The power of representation

“You can’t be what you can’t see.”

Marian Wright Edelman

Wednesday mattered.
 
In 17 years in media and advertising, I've worked for four agencies—holdco and independent, media-only and full-service—in Chicago, Austin, and Dallas. As a part of that, I've worked for so many truly outstanding managers. But there was one commonality: none of my managers looked like me. Not my manager's managers. Not my manager's manager's managers. Not a single one was a South Asian man.
 
However, I never considered it. I had excellent mentors to help me along my path.
 
Early in my career, my director told me Rishad Tobaccowala would help us with a client project. I never met or spoke with Rishad, but that's when I learned about him. I've "followed" his wisdom since then.
 
Rishad's book, Restoring the Soul of Business, has many great lessons, but one tale struck me.

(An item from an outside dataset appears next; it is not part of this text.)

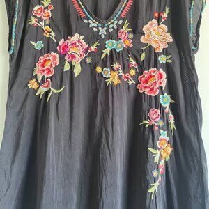 Johnny Was Black Floral Embroidered Tunic Size Small – Boho Chic
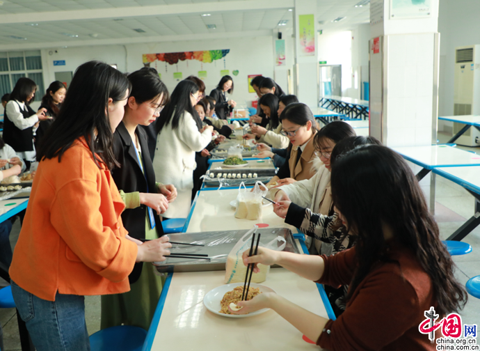 “来啦,来啦,香喷喷的饺子来啦!”3月8日,四川省成都市龙泉中学校在学校食堂举办了“饺动你我 自信美丽”庆“三八”国际劳动妇女节活动。红润的猪肉,翠绿的小葱,洁白的面团,在心灵手巧的女老师手中变成了色泽鲜亮,体态圆润的大饺子。此刻,上得讲台、下得厨房的女神们笑靥如花,让人不得不赞叹:“厉害了,我的女神。”“巾帼不让须眉,妇女能顶半边天,龙中的女教职工为龙中的发展,撑起了半边天。”工会主席、副校长石小强肯定了龙中女教职工的勤勉付出,祝全体女教职工节日快乐,并主持了龙泉中学“巾帼文明标兵”颁奖仪式。

Rishad’s director told him, "“I am sorry to say that you are unlikely to be as successful as your skills and drive should ideally make you, because you are too different and people will not be comfortable with you.” The implication, of course, was that my dark skin and Indian ancestry would work against me as I attempted to move up the career ladder."
 
Reading this section of his book, I felt seen. I was seen by someone who had never met me. I was seen in a way that I feel no past manager of mine has ever seen me. It made me think back to all my past managers and realize I never had a manager who looked like me.
 
I feel incredibly lucky to be where I am in my career and often wonder how I even got here. I often remind myself that I am "just a guy," understanding that I am one person working with brilliant individuals to generate incredible solutions for our clients. I dread introducing myself by title. I tell people I learn a lot about someone by how they treat me without knowing my title or position. But what is unsaid is self-promotion is discouraged in my culture. The group means more than the individual. I battle with the fact that modesty and humility are ingrained in me, but in my field, self-promotion is required for advancement. Many cultures value humility, but it's nuanced, and I wish I had a mentor early in my career to help me navigate those nuances. When success required changing ingrained values, talking to someone like myself would have been good.
 
In the moments when I questioned if someone like me could make it in this industry, seeing Rishad’s success helped me push past the mental hurdles required to achieve my own. I recognize that Rishad’s strengths, struggles, and story are different than mine in so many ways – but the point is that each of us has pieces of ourselves that can inspire. When people are generous enough to spend their time and share their wisdom with a community they might never meet, it creates possibilities that might not otherwise be possible.
 
Never underestimate the extraordinary power of mentorship, representation, and generosity.
 
Wednesday was my first time seeing Rishad speak in person.